Figure 1.8. The cards begin in two groups – all red and all black. To randomly separate the cards into two groups that contain both red and black cards, the cards are shuffled a few times, and then dealt into two piles.

Second, there is the issue, in the case of research on human subjects, of researcher and subject expectation in which the participants in the study can create a bias that could skew the results. A human subject is aware that a research study is taking place and has consented to participate. This knowledge can create a psychological bias in which the subject expects some effect and thus imagines or creates this effect. Just imagining that one is taking a medication that could lower blood pressure could actually lower blood pressure because it might, for instance, decrease the psychological anxiety over having high blood pressure. It is impossible to completely mitigate this bias. However, there are ways to minimize it. One of the easiest ways to reduce bias is to not inform the research subjects whether they are in the experimental or control group. In this case, the subjects in the control group must be given a placebo, which is “fake” treatment such as sugar pills that have no effect on their health. The subject must not know whether they are receiving, for instance, the experimental medication or a placebo. This psychological bias can also be present in the researcher. The researcher might unconsciously treat a subject differently depending on whether the subject is in the experimental or control group. In many large clinical trials of a new medication, the head researcher never meets the research subjects. Instead, research technicians meet with and examine the research subjects, and these technicians are also unaware of which subjects are receiving treatment and which subjects are receiving a placebo. This aspect of research design, in which both the research technician and the research subject do not know which group they have been placed in, is called double-blind (Figure 1.9).

 

Figure 1.9. In a double-blind study, neither the research subject nor the research technician knows whether s/he is receiving a placebo or the experimental drug (though they are usually not actually blindfolded – the technician would be given an unlabeled bottle to distribute to the research subjects). This aspect of the research design is done to avoid any sort of (usually unintentional) bias on the part of either the subject or the technician.

 

Third, analyzing data often requires more than just visualization on a graph. The data could show a difference simply due to chance. Statistical tests are one way to reduce the chances that the results are simply due to chance rather than the effect of the independent variable. Statistics in a discipline that involves the organization, analysis, interpretation of data. The calculation of “average amount of algae growth” in the example above (Table 1.1, Figure 1.6) is an example of a statistical operation. More sophisticated statistical tests allow a researcher to determine, with a high level of confidence, that a difference between two averages is due to some factor (such as the independent variable) rather than by chance. Imagine a researcher is conducting a study to determine whether a fertilizer has an effect on growth of a particular plant species. The independent variable is the amount of fertilizer and the dependent variable is the amount of plant growth. Notice that once the data are collected and the average amount of plant growth is calculated, the ranges of plant growth in experimental and control groups overlap and the averages for each group are very close (Table 1.2, Figure 1.10).

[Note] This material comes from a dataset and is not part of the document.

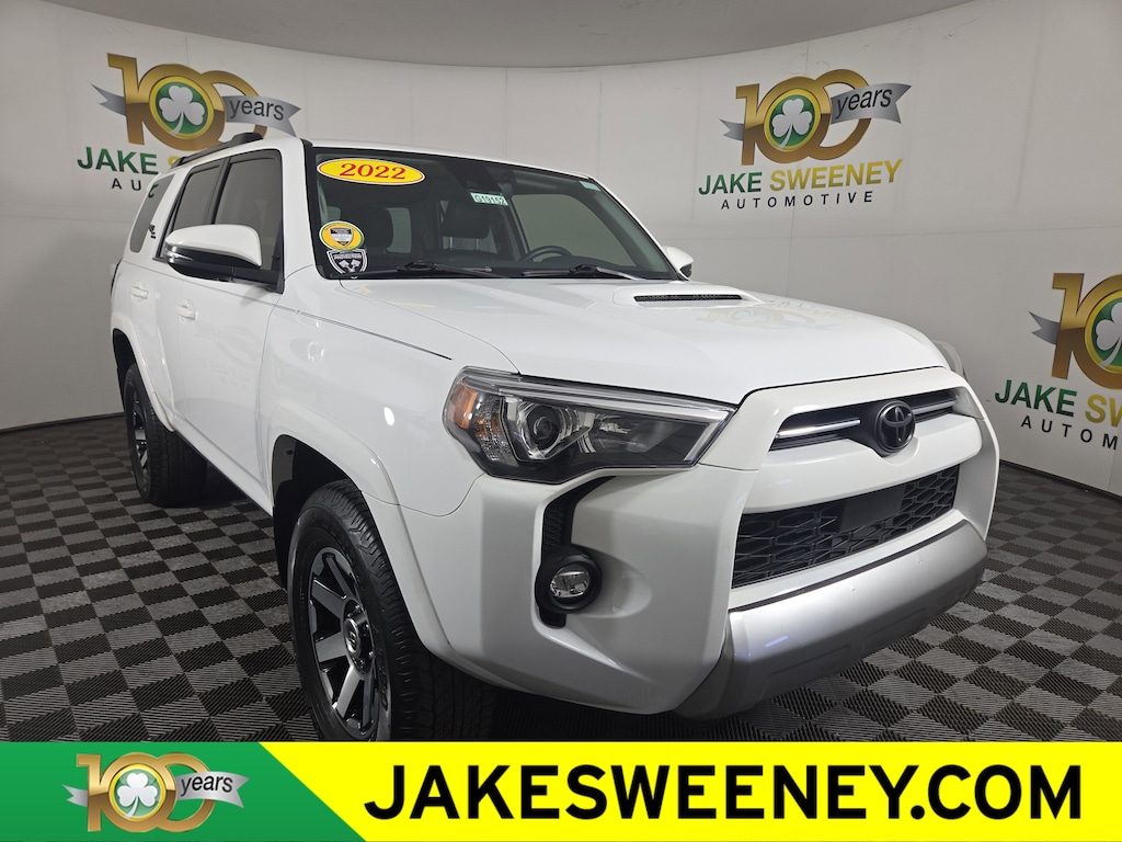 Jake Sweeney Is Here to Help! If you are in need of a new or used vehicle, we are offering you the ability to shop online and have your vehicle delivered to your home. White 2022 Toyota 4Runner TRD Off-Road Premium 4WD 5-Speed with ECT 4.0L V6 DOHC 24V LIFETIME POWERTRAIN WARRANTY, SUNROOF, SLIDING REAR CARGO DECK, 4WD, Black/Graphite Artificial Leather.

Table 1.2.  Data on plant height growth in plants after 4 weeks
of treatment with a new fertilizer (treatment group) and
plants that have were not given any fertilizer (control group).

Treatment Group Control Group
30.8 29.3
42.5 32.7
38.7 25.8
29.5 34.6
37.9 27.9
32.5 33.5
33.4 32.3
40.3 28.4
39.8 34.5
32.6 27.7
Average 35.8 30.67
Figure 1.10. Data on plant growth in height after 4 weeks of treatment with a new fertilizer versus no fertilizer. A statistical test was calculated that indicates with 99% confidence that the difference in averages between the treated and control groups is not due to chance.

How does the researcher know whether this slight difference in averages is not simply due to chance? There are statistical equations that can be applied to the data that will inform the researcher of the likelihood that the difference is due to some effect rather than chance. These statistical analyses are never absolute – they can never tell the researcher with 100% confidence that the difference is not due to chance. But, they can provide a very high likelihood that the results are due to some real effect, which is called statistical significance. In the plant growth example, the statistical analysis shows with 99% confidence that the difference in averages between the experimental and control groups is not due to chance. Thus, these results provide support for the hypothesis (or, they could provide a reason to reject a given hypothesis). In sum, analysis of scientific data includes a summary of the data (calculating an average is an example of a summary statistic), a presentation of the results (in tables and graphs, for instance), and various statistical tests for significance differences.

Fourth, another important aspect of research design is sample size. The larger the sample size, the less likely that the results are due merely to chance. For example, a researcher hypothesizes that the students in first grade at School A are taller on average than the first-grade students at School B because School A is in a wealthier neighborhood so they have access to better nutrition. However, it would take far too much time and effort for the researcher to measure all 128 first-graders at School A and all 153 first-graders at School B. She must take a sample of students from each school. If she only measures two students per school, she could easily by chance measure two particularly short first-graders at School A and two particularly tall first-graders at School B, or vice versa. She must have a larger sample size to be more confident of her results. Many statistical tests have sample size built into the equation. Thus, in order to get a result that a researcher can be very confident is accurate (or statistically significant), then the researcher must have a large enough sample size.[1]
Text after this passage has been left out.